Last December, we reported on a federal district court’s denial of a motion for preliminary injunction relating to the Archdiocese of Washington’s unsuccessful efforts to post Christmas-season advertising on transit vehicles owned and operated by the Washington Metropolitan Area Transit Authority. Unfortunately for the Archdiocese, Christmas did not come in July either. Last week, the federal Court of Appeals for the D.C. Circuit affirmed the denial of preliminary injunctive relief.
The facts of the case are available on our post regarding the district court’s decision.
On appeal, the appellate court (which included as a panelist Supreme Court nominee Judge Kavanaugh) agreed with the district court. First, the court agreed that the advertising space on WMATA transit vehicles constitutes a non-public forum, where the government can exercise greater control over content yet must adhere to requirements of viewpoint neutrality and reasonableness. In so ruling, the D.C. Circuit joins a majority of federal appeals courts that have now ruled that transit advertising spaces are non-public fora.

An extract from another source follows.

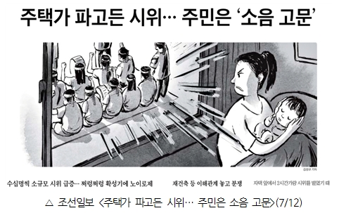 ‧ 조선일보 <주택가 파고든 시위… 주민은 소음 고문>(7/12, 10면, 이슬비 기자, https://me2.do/IxX55Son)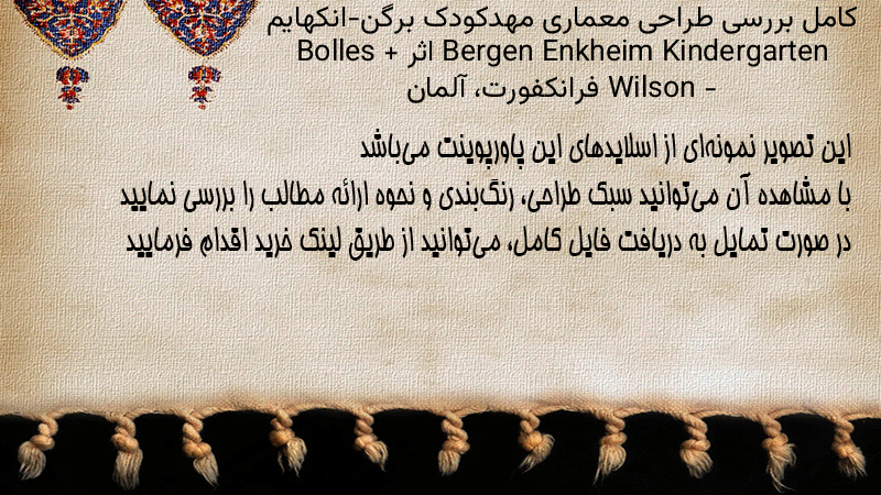 پاورپوینت کامل بررسی طراحی معماری مهدکودک برگن-انکهایم Bergen Enkheim Kindergarten اثر Bolles + Wilson – فرانکفورت، آلمان

Second, the appeals court was unimpressed with the Archdiocese’s arguments that the prohibition on religious content in WMATA transit advertisements is actually a form of viewpoint discrimination. As it did in the court below, the Archdiocese asserted that the prohibition of religious speech in transit advertising favored non-religious viewpoints. But the court of appeals observed that the restriction on religious advertisements prohibited any advertisement on the topic of religion, regardless of its viewpoint. In arriving at that conclusion, the court distinguished Supreme Court cases—including Rosenberger, Lamb’s Chapel, and Good News Club—that had found the exclusion of religious messages to be viewpoint discrimination. In essence, the D.C. Circuit found that WMATA’s prohibition on religious content was broader, and went only to the subject matter of the messages, than the viewpoint-discriminatory regulations at issue in those cases.
Third, the appeals court agreed that the regulation in question was reasonable in light of the purposes of WMATA’s transit advertising forum. The court observed that the transit advertising policy had been adopted after substantial study, and further found that WMATA had been consistent in its application of the advertising policy and had not shown any animus toward religion.
The D.C. Circuit also rejected the Archdiocese’s arguments that the transit advertising policy violated the Free Exercise Clause of the First Amendment and the Religious Freedom Restoration Act. The court could not conclude that the policy had been adopted out of hostility toward religion, or that the policy was directed at religious speakers, and the court further questioned whether RFRA applied to WMATA, as the transit agency is an arm of the Maryland and Virginia state governments (in addition to the District of Columbia), and RFRA does not apply to states.